Pour finir, mentionnons un exemple, en cours de développement dans le canton de Genève. La commune de Meyrin est en effet « fort intéressée » par le modèle du RTE et l’accompagnement que propose la fondation Zoein76. Ainsi, c’est peut-être dans cette commune que démarrera l’implémentation du RTE à petite échelle en Suisse. « Je sais qu’à Meyrin, ça avance pas mal » (Anglada, entretien no 10). Dans tous les cas, des parallèles existent entre les cantons de Genève et de Vaud.

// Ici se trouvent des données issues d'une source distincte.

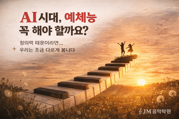 예체능은 창의력을 만드는 교육이 아니라 아이를 ‘사람답게’ 성장시키는 교육입니다. AI 시대, 왜 예체능 교육일까요? 요즘 가장 많이 듣는 말이 있습니다. “AI 시대니까 창의력이 중요해요.” “그래서 예체능을 해야 해요.” 그런데 한 번 생각해볼 필요가 있습니다. 정말 창의력 = 예체능 이 공식이 맞을까요? ❓ 우리는 조금 다르게 봅니다 예체능의 가치는 단순히 “잘하는 능력”에 있지 않습니다. ✔ 그림을 잘 그리는 것 ✔ 악기를 잘 연주하는 것 이건 결과일 뿐입니다. 예체능의 본질 예체능의 진짜 의미는 느끼고 표현하는 경험입니다. 아이들은 음악을 배우며 단순히 손가락을 움직이는 것이 아니....... <img src="https://blogthumb.pstatic.net/MjAyNjA0MThfODYg/MDAxNzc2NDgzNDYxOTY1.INOqQkTNz_zqbmzbXUJ8n-JfknDY8U0yx2iHzxXjQwUg.D5iUnkyv9Ht0YhzSeI92YC2ouEhtypQwaQwXIurKTFMg.PNG/900_file_00000000d9587207b3ddb84bfd62e849.png?type=s3" />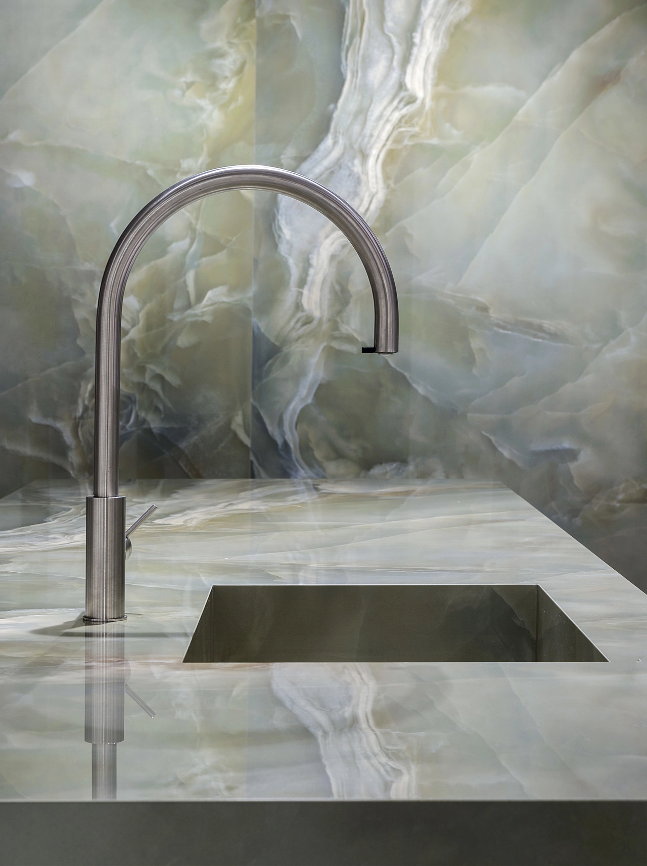 The exceptionality of its luxury combines with the light weight of the large size in the minimum thickness to conquer an excellence in flooring and coverings of surfaces both large and small. The technical performance of the materials comes to the fore in the harmony of the onyx and encroaches into the design guaranteeing a uniformity and flexibility of planning, even when applied to objects and furnishing accessories.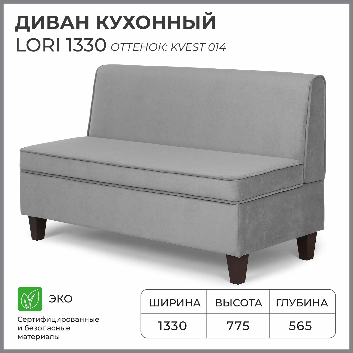 Диван на кухню, прямой, на балкон, в прихожую NORTA Lori 1330х565х775 Kvest 014 велюр информация: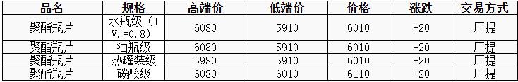 華東聚酯瓶片價格上漲20元至6010元/噸,昨日午間商品氣氛帶動,聚酯原料偏暖運行,支撐聚酯瓶片工廠報價多上漲10-50元/噸,重心上移。7-8月貨源報盤5990-6080元/噸,遞盤5930-6030元/噸。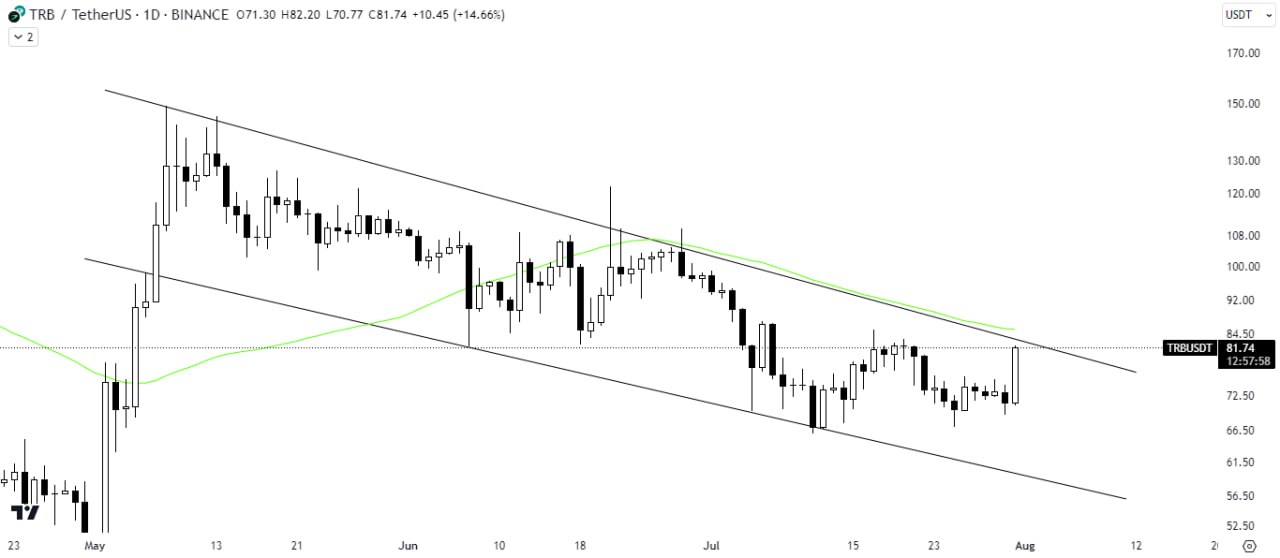 TRB is currently consolidating within a descending channel, displaying signs of bullish strength. A breakout above the channel and the 50-day moving average could signal a strong bullish rally.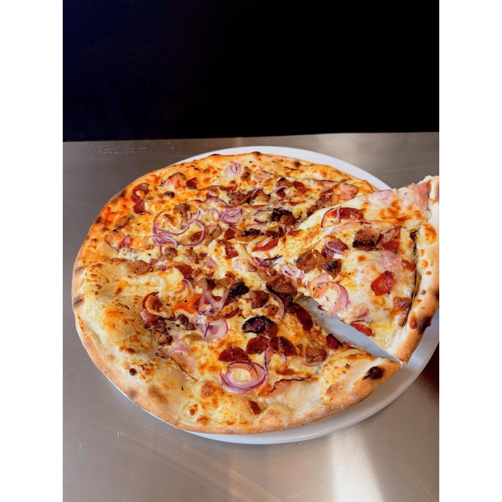 (Brynzový základ, oravská slanina, česnek, mozzarella, tatranská rolka, sekané škvarky, cibule, sýrové nitě)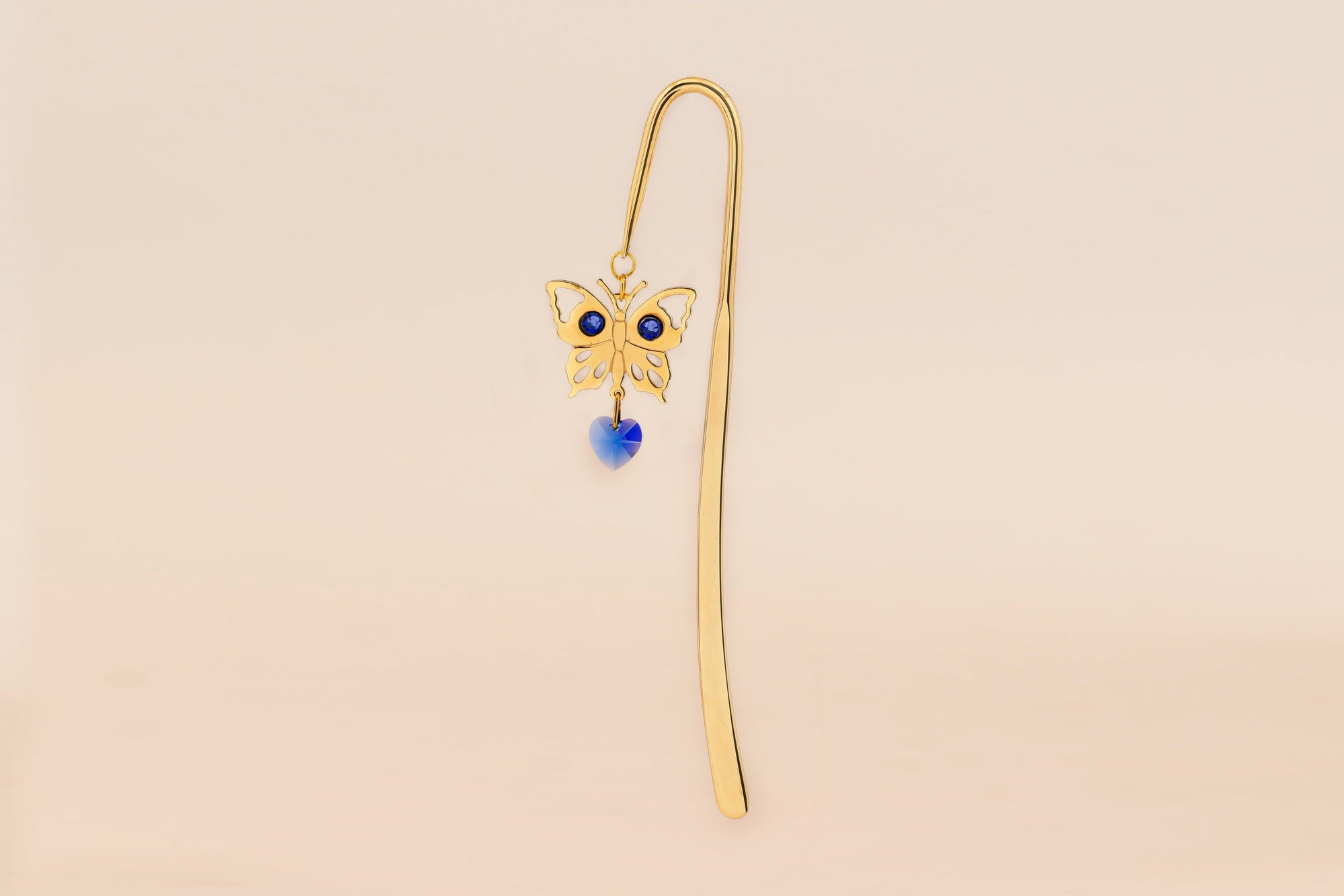 Introducing our beautiful 24-karat gold-plated bookmark featuring a charming butterfly. This elegant accessory adds a touch of enchantment to your reading experience. Let the butterfly's delicate wings mark your place in your favorite books, allowing you to easily pick up where you left off. With its golden shimmer and exquisite craftsmanship, this bookmark is a wonderful gift for book lovers of all ages.
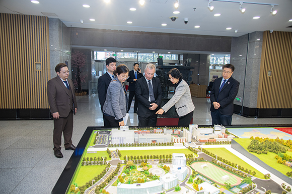 最后,雙方互贈(zèng)禮品并合影留念。會(huì)見(jiàn)后,代表團(tuán)一行參觀(guān)了學(xué)校圖書(shū)館,并在學(xué)術(shù)報(bào)告廳參加了護(hù)理學(xué)中外合作辦學(xué)項(xiàng)目2023級(jí)開(kāi)學(xué)典禮,呂曉東和米歇爾·戴倫分別在開(kāi)學(xué)典禮上致辭!

D’ailleurs, plus là-bas qu’ici l’implémentation du RTE via l’ESS est prometteuse, compte tenu de l’importance des acteurs de l’ESS dans le canton genevois.

4.7 Conclusion du chapitre

Dans l’ensemble, les acteurs avec qui nous nous sommes entretenus semblent être en phase à la fois avec le cadre théorique du RTE, les limites du modèle économique dominant, et les manières d’y remédier. En outre, l’analyse des entretiens montre que des synergies entre le RTE et l’ESS existent bel et bien. Par exemple, pour revenir à nos hypothèses, l’intérêt collectif, le principe de lucrativité limitée, ou la gouvernance collaborative, sont tous des éléments appréciés et mis en lumière, tant par les acteurs de l’ESS que du RTE. L’ancrage territorial a en revanche été moins discuté, et les principes de durabilité en pratique demandent encore, a priori, d’être mis en œuvre plus largement. La marginalité des acteurs de l’ESS vaudoise

76 https://blogs.letemps.ch/philippe-le-be/2019/02/19/sophie-swaton-face-aux-effondrements-zoein-offre-des-cles-pour-un-vivre-autrement/

constitue également une limite non négligeable de l’ESS. L’hypothèse 1 est par conséquent partiellement vérifiée.

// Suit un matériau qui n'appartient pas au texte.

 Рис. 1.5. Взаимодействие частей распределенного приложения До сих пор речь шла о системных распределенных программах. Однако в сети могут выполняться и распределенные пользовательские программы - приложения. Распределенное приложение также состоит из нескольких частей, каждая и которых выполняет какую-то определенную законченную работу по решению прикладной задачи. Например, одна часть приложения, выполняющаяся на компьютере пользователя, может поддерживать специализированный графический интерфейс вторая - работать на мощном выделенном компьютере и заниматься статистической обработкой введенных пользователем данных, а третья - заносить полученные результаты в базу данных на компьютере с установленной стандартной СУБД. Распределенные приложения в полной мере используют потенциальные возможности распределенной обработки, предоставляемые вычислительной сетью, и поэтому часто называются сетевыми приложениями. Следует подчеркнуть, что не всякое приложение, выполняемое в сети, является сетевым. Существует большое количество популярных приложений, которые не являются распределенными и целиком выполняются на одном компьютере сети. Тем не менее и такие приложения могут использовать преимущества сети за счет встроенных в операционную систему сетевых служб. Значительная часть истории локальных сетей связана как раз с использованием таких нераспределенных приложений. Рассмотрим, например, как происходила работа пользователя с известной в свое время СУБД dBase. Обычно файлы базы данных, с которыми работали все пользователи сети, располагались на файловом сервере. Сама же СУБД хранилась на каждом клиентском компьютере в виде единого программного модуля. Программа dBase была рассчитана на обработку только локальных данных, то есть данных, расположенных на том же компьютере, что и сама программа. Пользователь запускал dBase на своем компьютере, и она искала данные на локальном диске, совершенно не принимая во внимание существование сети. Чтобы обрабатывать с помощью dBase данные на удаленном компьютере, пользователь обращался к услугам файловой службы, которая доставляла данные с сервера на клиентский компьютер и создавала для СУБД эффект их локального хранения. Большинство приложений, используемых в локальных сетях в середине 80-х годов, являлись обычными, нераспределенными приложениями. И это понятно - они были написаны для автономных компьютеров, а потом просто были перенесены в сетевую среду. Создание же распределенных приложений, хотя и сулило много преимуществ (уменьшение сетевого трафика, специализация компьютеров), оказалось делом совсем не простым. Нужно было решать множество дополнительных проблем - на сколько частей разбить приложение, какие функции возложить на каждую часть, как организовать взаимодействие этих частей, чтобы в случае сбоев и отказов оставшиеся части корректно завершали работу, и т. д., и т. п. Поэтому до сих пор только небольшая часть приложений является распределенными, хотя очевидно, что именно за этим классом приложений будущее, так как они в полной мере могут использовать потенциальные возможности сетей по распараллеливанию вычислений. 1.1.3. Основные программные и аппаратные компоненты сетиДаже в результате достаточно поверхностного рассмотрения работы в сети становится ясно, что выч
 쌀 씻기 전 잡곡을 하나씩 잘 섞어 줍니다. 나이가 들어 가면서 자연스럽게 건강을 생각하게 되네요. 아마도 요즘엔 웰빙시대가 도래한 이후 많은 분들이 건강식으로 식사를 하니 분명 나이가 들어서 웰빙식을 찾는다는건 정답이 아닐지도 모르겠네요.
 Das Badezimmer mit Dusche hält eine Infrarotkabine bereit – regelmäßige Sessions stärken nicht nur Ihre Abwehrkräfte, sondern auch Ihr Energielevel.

Réciproquement, le RTE est perçu positivement par les acteurs de l’ESS. Ses trois volets constitutifs semblent convaincre, pas l’un plus que l’autre, mais plutôt dans la globalité qu’ils représentent. Les acteurs trouvent la liaison entre le social et l’écologie infrangible, et précisent bien qu’un unique volet financier, comme le propose le RBI par exemple, est insuffisant pour faire face aux enjeux contemporains. L’accompagnement monétaire et immatériel, tout comme l’aspect communautaire et collectif autour de la transition, sont des éléments qui pourraient contribuer au développement de l’ESS et à l’accélération de la transition. Le RTE serait par ailleurs un moyen de parvenir à la reconnaissance institutionnelle dont APRÈS-VD est à la recherche. Sous réserve d’études empiriques – uniquement réalisables une fois le pilote démarré –, l’hypothèse 2 est dès lors validée.

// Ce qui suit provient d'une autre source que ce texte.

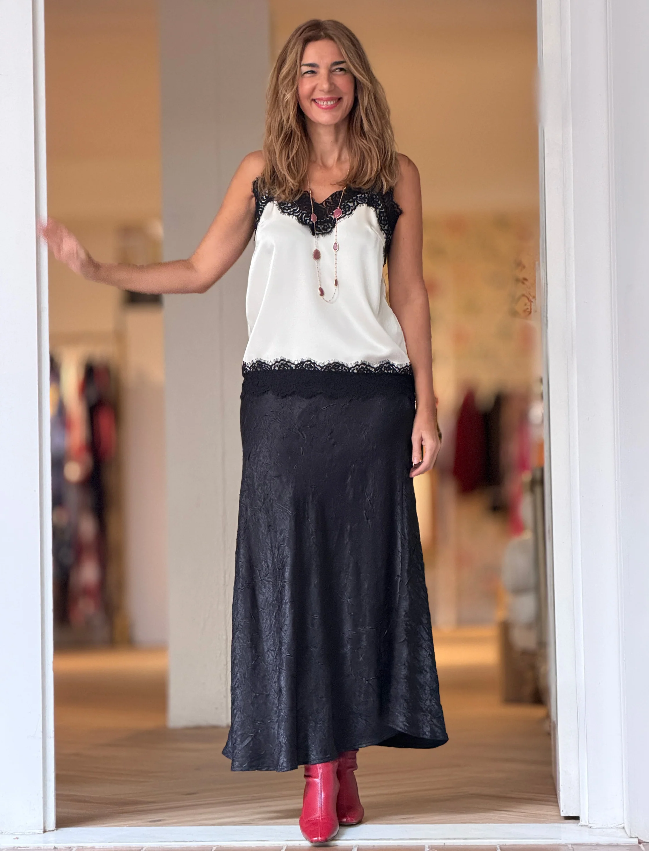 La Falda Evasé Fondo Chic Negra está confeccionada en un tejido elástico de excelente caída, esta falda de corte evasé ofrece una silueta favorecedora con libertad de movimiento inigualable. Es la opción perfecta para crear looks elegantes y chic, adaptándose a cualquier ocasión con un toque sofisticado.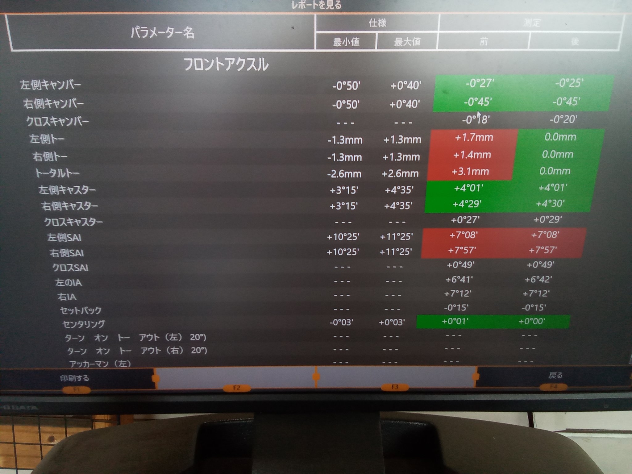 フロント及びリアのトーにズレありました!こ、これは・・・(; ・`д・´)

Enfin, dans une optique purement opérationnelle et stratégique, l’analyse indique qu’une mise en commun des forces entre RTE et ESS serait la bienvenue, aussi bien dans le canton de Vaud que dans le canton de Genève ; des synergies significatives peuvent être réalisées en coopérant. Tant pour le dispositif du RTE que pour le mouvement de l’ESS romande, cette collaboration serait vraisemblablement bénéfique.